So there's a difference between the hardware and the software abstraction.
In the shader you specify a thread-group size. e.g. numthreads(8, 8, 1) declares that for each thread-group that is dispatched, you want 64 thread to be launched.
On the CPU side, the Dispatch call says how many thread groups to launch. e.g. Dispatch(240, 135, 1) will launch 32400 thread groups. With the above shader, it will end up launching 240*8 * 135*8 (=1920*1080 = 2073600) threads.
On the hardware side:
AMD compute units always run 64 threads at once.
NVidia compute units run 32 threads at once.
Intel compute units run 8 threads at once.
So - for good performance across all hardware, you should try to make your shader's thread-group sizes a multiple of 64.
You can't make your thread-group size too big, because there's not enough memory inside a compute-unit to maintain state for thousands of threads at a time (a few hundred is probably the limit).

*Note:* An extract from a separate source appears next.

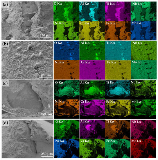 EDS element mapping in the selected regions from Figure 9b,c,e,f revealed that O, Al, and Ti were highly concentrated, but Ni, Fe, Cr, Nb, and Mo were depleted in the dark phases, as shown in Figure 10a–d.

The point of a thread-group is:
A) they can communicate with each other by using group-shared memory.
B) they should somewhat match the way that the hardware works (8-64 "threads" being executed in lockstep on a SIMD architecture).
You also don't want just a single mega-thread-group of size 1920*1080 because GPU's have more than one compute-unit.
A GPU might have 32 CU's, which can each be working on 10 thread-groups at once, each made up of 64 threads, meaning you can have 20480 threads in flight at once across all CU's -- but a single thread group might be limited to something like 640 threads max.
So you want your thread-group size to be small enough so that your workload is spread out across all the CU's on the GPU, and you want it to be large enough so that you're not wasting any of the SIMD abilities of each CU. As a rule of thumb, 64 or 128 are good sizes to use.
Note that on AMD, a 128-sized thread-group will run on a SIMD-64 machine, which lets AMD's internal compiler basically unroll the code to work on two sets of SIMD-64 registers at once.
On NVidia, a 128-sized thread-group will run on a SIMD-32 machine, which lets NVidia's internal compiler unroll the code to work on four sets of SIMD-32 registers at once.
Sometimes this unrolling is helpful as it helps reduce memory stalls, and sometimes it's harmful as you're increasing register pressure... It takes a lot of profiling to find the optimal thread-group size for a particular GPU :(
What about the case of a texture that is 33x33? How would you have to lay out threads and thread groups in that case? Or does it have more to do with the algorithm itself on grouping things based on the algorithm?
If you defined your thread-group size to be 8x8, you'd dispatch 33/8 x 33/8 thread-groups (rounding up to 5). That's enough threads to process a 40x40 sized texture, so a bunch of your threads will end up doing nothing.
HLSL is helpful here where out of bounds texture reads return 0, and out of bounds texture writes are a NOP -- so often your algorithm can be unaware that it's writing outside the bounds of your target texture. In other cases, you need to use an if statement to 'early exit' on any out of bounds threads.